Krieger war schon vor seiner Karriere regelmäßiger Besucher des Midgardsblot. Er schätzt die Inklusivität des Festivals. Als Adoptivkind weißer Eltern möchte er in beiden Welten zu Hause sein. In Interviews mit Medien wie der „Times Union“ erläuterte er, dass die Native Americans und die europäischen Neuheiden gleichermaßen Opfer seien. „Die heidnischen Religionen in Skandinavien wurden einst von den Christen unterdrückt, die Menschen vergewaltigt und ermordet. Die meisten amerikanischen Indigenen, die ich kenne, würden sagen, dass sie die gleiche Behandlung durch weiße Christen erfahren haben.“ Religionsexperte Gregorius weiß: „Heiden in Europa und den USA, die sich ja selbst als Äquivalent einer indigenen Kultur begreifen, hören es gerne, wenn indigene oder Schwarze Menschen sagen: Wir haben einen gemeinsamen Feind.“ Die kolonialen Verbrechen würden so weniger schwer auf den Schultern wiegen, auch wenn die Heimatländer der mehrheitlich weißen Heiden noch immer vom kolonialen Erbe profitieren würden. „Diese vereinfachende Sichtweise lässt auch außer Acht, dass indigene Kulturen fast überall auf der Welt zu Minderheiten dezimiert wurden und im Gegensatz zu den westlichen Neuheiden heute noch immer ganz real Unterdrückung und strukturelle Diskriminierung aufgrund ihrer ethnischen Zugehörigkeit erfahren.“
Gerade in Europa würden indigene Menschen noch immer romantisiert, erklärt Kim TallBear, Professorin für Native Studies an der Universität von Alberta. Dabei würde oft außer Acht gelassen, dass es sich um komplexe lebendige Gemeinschaften handelt „und nicht nur um Knochen in der Erde“. Die Wissenschaftlerin hat sich auf Fragen der DNA und den Begriff der Indigenität spezialisiert, von dem sie sagt, dass er zunehmend ausgehöhlt werde. Dass Neuheiden sich plötzlich in enger Verwandtschaft mit indigenen Kulturen meinen, wundert TallBear nicht, auch angesichts des in Nordamerika um sich greifenden Phänomens der sogenannten „Pretendians“ – Menschen, die vortäuschen, indigene Wurzeln zu haben, und dann für die indigene Bevölkerung sprechen. „Solche Leute sehen, dass indigene Völker heute mehr Anerkennung und Rechte erhalten und dass sie moralische Ansprüche stellen. Davon wollen sie etwas abhaben.“Rassisten? Hier doch nicht!

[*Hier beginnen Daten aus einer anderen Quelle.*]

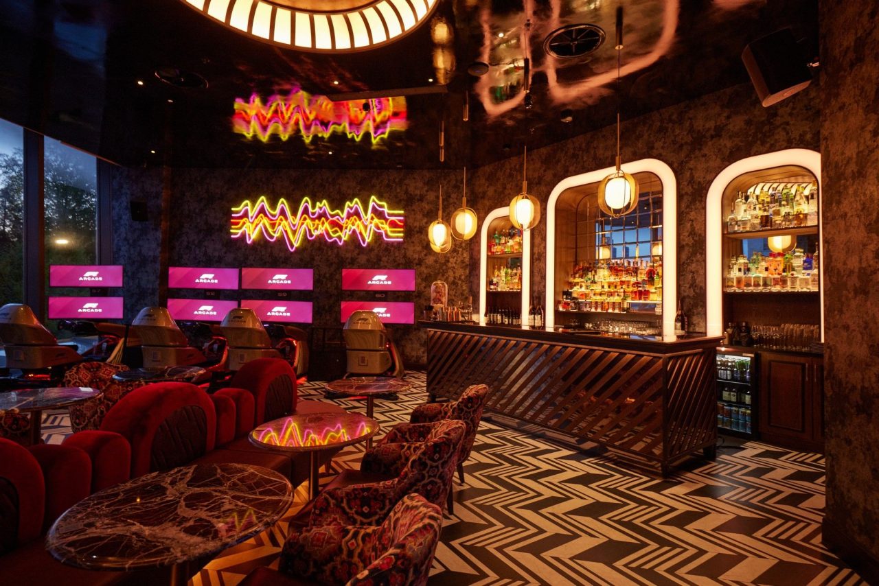 Además, el innovador diseño del Arcade incluye lámparas de neón inspiradas en los circuitos, marcas de derrapes de neumáticos pintadas a mano en las paredes y diferentes elementos en la iluminación que simulan las luces de la parrilla de salida de las carreras.
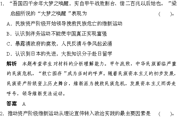 百度:(岳麓版)选修1 2013高二历史练习(含解析)第15课《戊戌变法》 Word版含答案
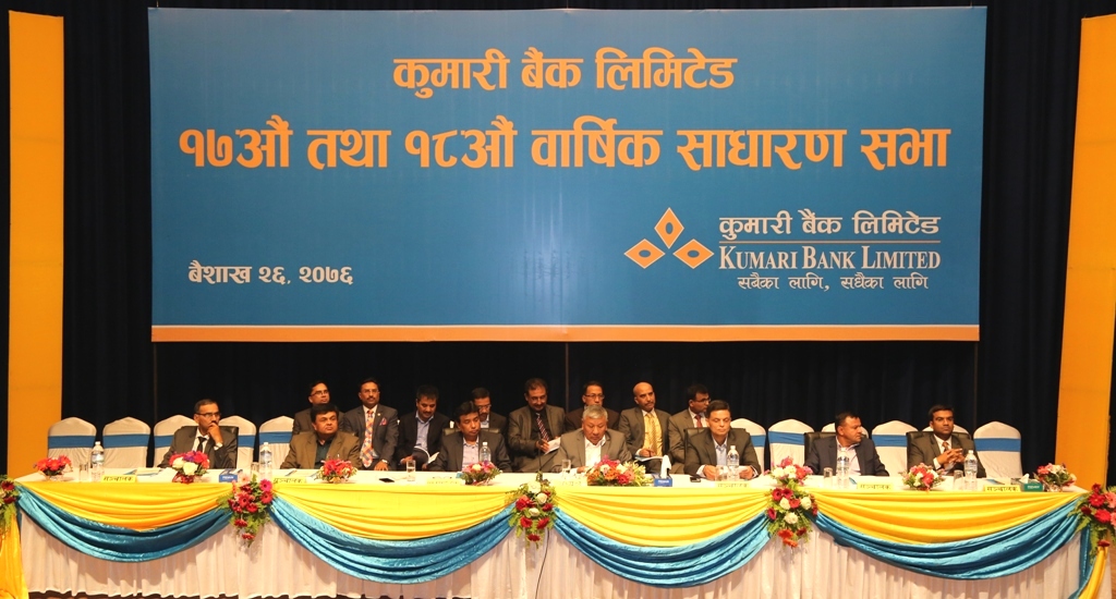काठमाडाै । कुमारी बैंक लिमिटेडको १७ औं तथा १८ औं वार्षिक साधारण सभा बैंकका अध्यक्ष सन्तोष कुमार लामाको अध्यक्षतामा नेपाल प्रज्ञा प्रतिष्ठान, कमलादीमा सम्पन्न भएको छ । उक्त साधारण सभाले लेखापरीक्षकको प्रतिवेदन सहितको आ.व. २०७३÷०७४ र आ.व २०७४÷०७५ को आर्थिक विवरण, वासलात, नाफा नोक्सान हिसाब र सोही अवधिको नगद प्रवाह विवरण, नाफा नोक्सान बाँडफाँट हिसाब, पूँजीमा भएको परिवर्तन लगायत वार्षिक प्रतिवेदन माथि छलफल गरी पारित गरेको छ ।
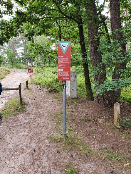 Bei Ziel Nummer fünf stehen wir vor einer Holzschranke. Rechts davon ein großes rotes Schild in dem sich ein grünweißes Dreieck mit einem Greifvogel befindet . Wir sind im Naturschutzgebiet Brunsberg angekommen. Norbert erklärt den Kindern, dass es im Naturschutzgebiet grundsätzlich verboten ist, die Grünflächen zu betreten und Hunde müssen hier natürlich an die Leine genommen werden.
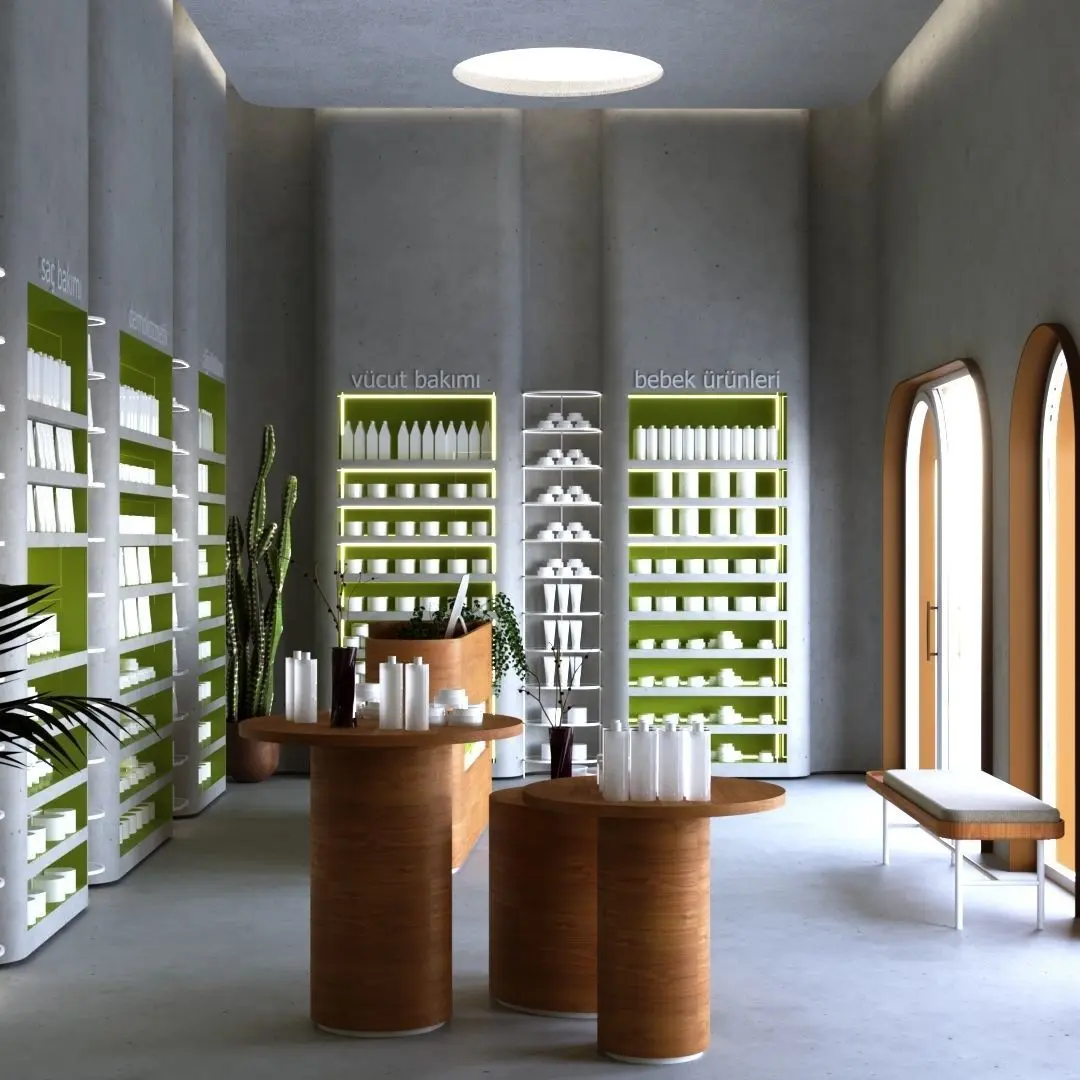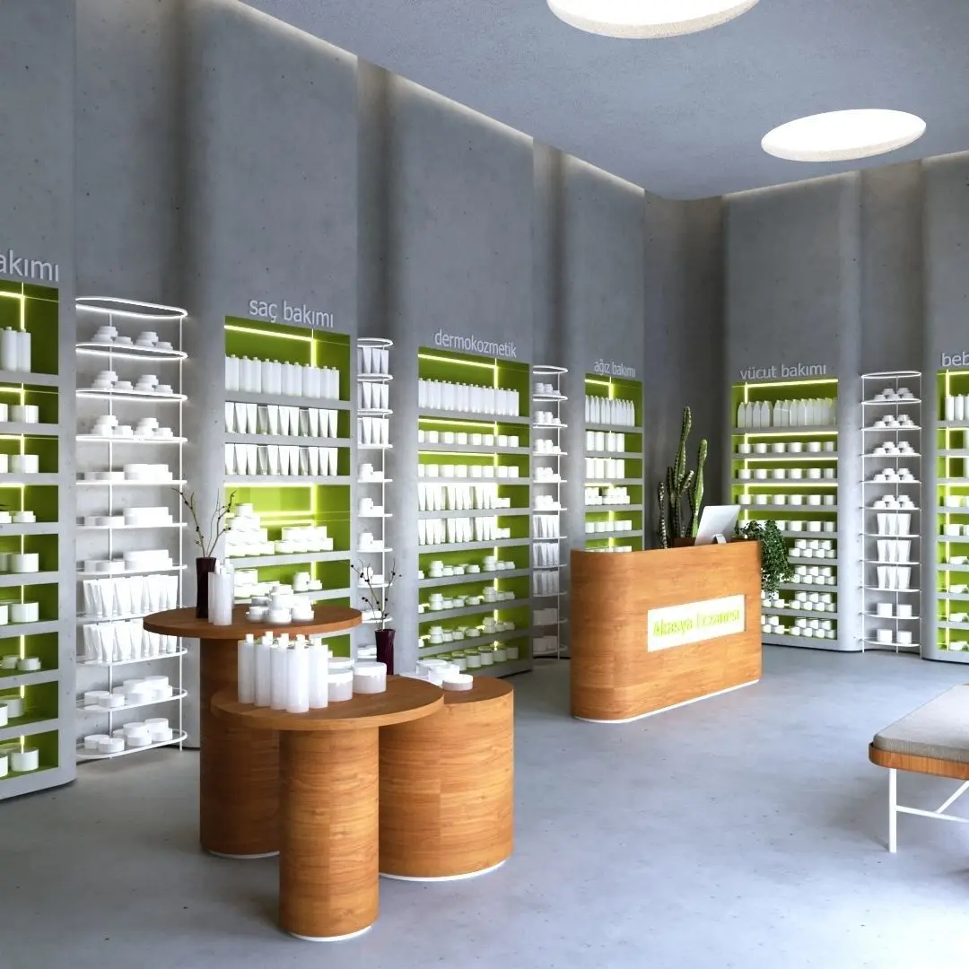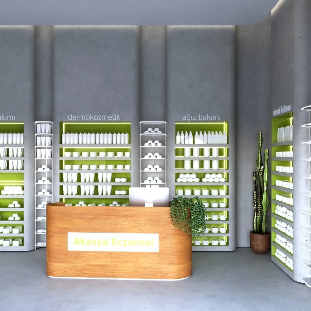 This model belongs to a pharmacy interior design project. It includes furniture designed for pharmacy interiors. It has been designed in many subjects from ceiling to floor.It also includes the subject of lighting.
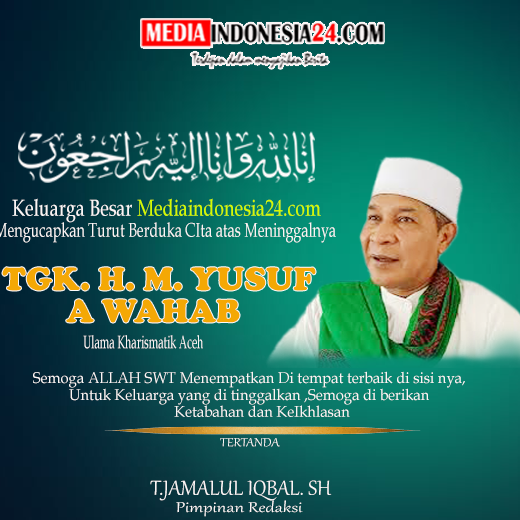 MEDIAINDONESIA24.COM – ACEH .Telah meniggal Dunia Ulama Karismatik Aceh dan Tokok masyarakat Aceh , Teungku H.Muhammad Yusuh A Wahab atau yang lebih DI kenal Tu Sop , Di kabarkan telah berpulang ke Rahmatullah pada Sabtu (7/9/2024) pukul 09.00 WIB di Jakarta.
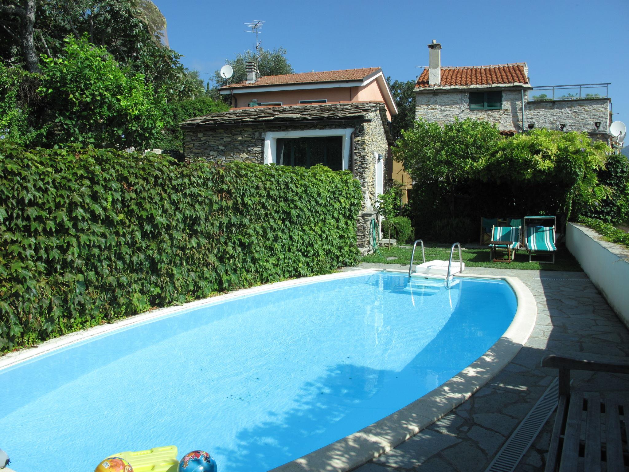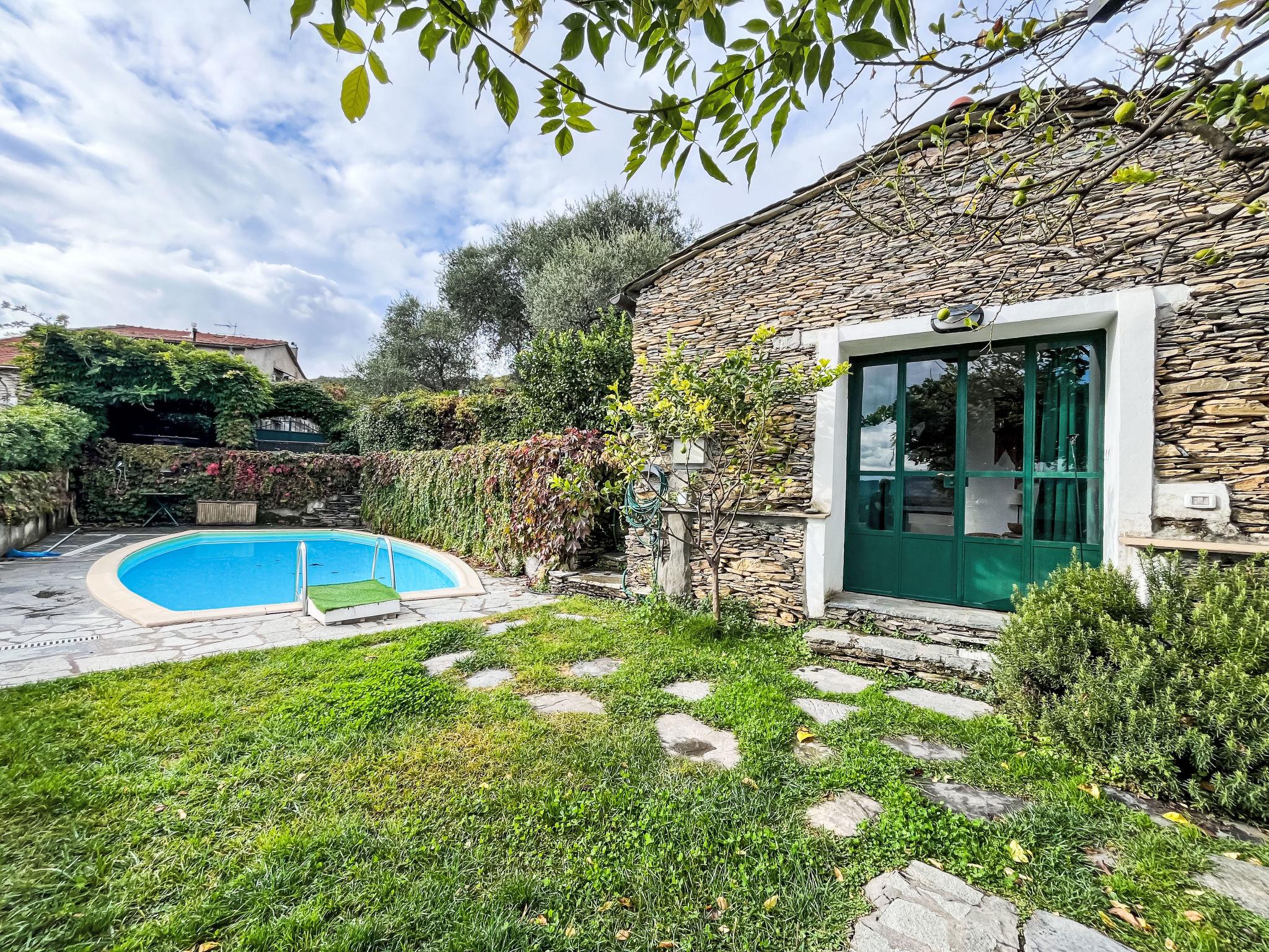 Beautiful cottage, 2 storeys, semi-detached. In the hamlet Bellissimi 4 km from the centre of Dolcedo, 13 km from the centre of Imperia, on a slope, in the residential district, 11 km from the sea. For shared use: swimming pool (8 x 4 m, depth 150 cm, seasonal availability: 01.May. - 15.Oct.). Outdoor shower, pool maintenance by the owner/gardener. Private: beautiful, well-kept garden 200 m2 (fenced) with lawn and trees, lawn for sunbathing. Patio, arbour, garden furniture. In the house: washing machine (for shared use). 200 m steep footpath to the house. Public parking 200 m. Shop 4 km, supermarket 13 km, restaurant 5 km, bus stop 200 m, railway station "Imperia Porto Maurizio" 13 km, pebble beach "Imperia Porto Maurizio" 13 km, outdoor swimming pool 10 km. Please note: the apartment is located in a zone with limited traffic. The complex has another 1 house for rent.

Wie oberflächlich die Empathie für indigene Lebenswirklichkeiten ist, zeigt sich dann auch beim Midgardsblot. Am letzten Festivaltag postet Jon Krieger alias Blackbraid auf Instagram, dass seine Band von Security Guards und einigen Besuchern des Festivals rassistisch beleidigt worden sei. Die Diskussion, die daraufhin auf den Social-Media-Kanälen der Community entbrennt, dreht sich fast ausschließlich darum, dass Krieger und seine Bandkollegen betrunken gewesen seien und die strengen norwegischen Alkoholgesetze missachtet hätten. Einige werfen ihm vor, die „Rassenkarte“ zu spielen. Norwegen sei aber nicht Amerika. Hautfarbe spiele keine Rolle, solange man sich an die Regeln halte. „Die Besucher des Midgardsblot erklären gerne, dass Sexismus, Rassismus und Homophobie in der Szene kaum verbreitet sind. Diese Menschen fühlten sich auf eine Art betrogen, als Blackbraid dann doch nicht ganz in dieses Narrativ einstimmte“, resümiert Gregorius. Auch hier zeigt sich ein Grundproblem der heidnischen Verbrüderung mit indigenen Gemeinschaften. Wer nie selbst Ziel rassistischer Angriffe wurde, kommt schneller zu der Schlussfolgerung: Alles halb so schlimm. Das macht diese Menschen nicht gleich zu Rassisten. Aber allemal zu schlechten Geschwistern.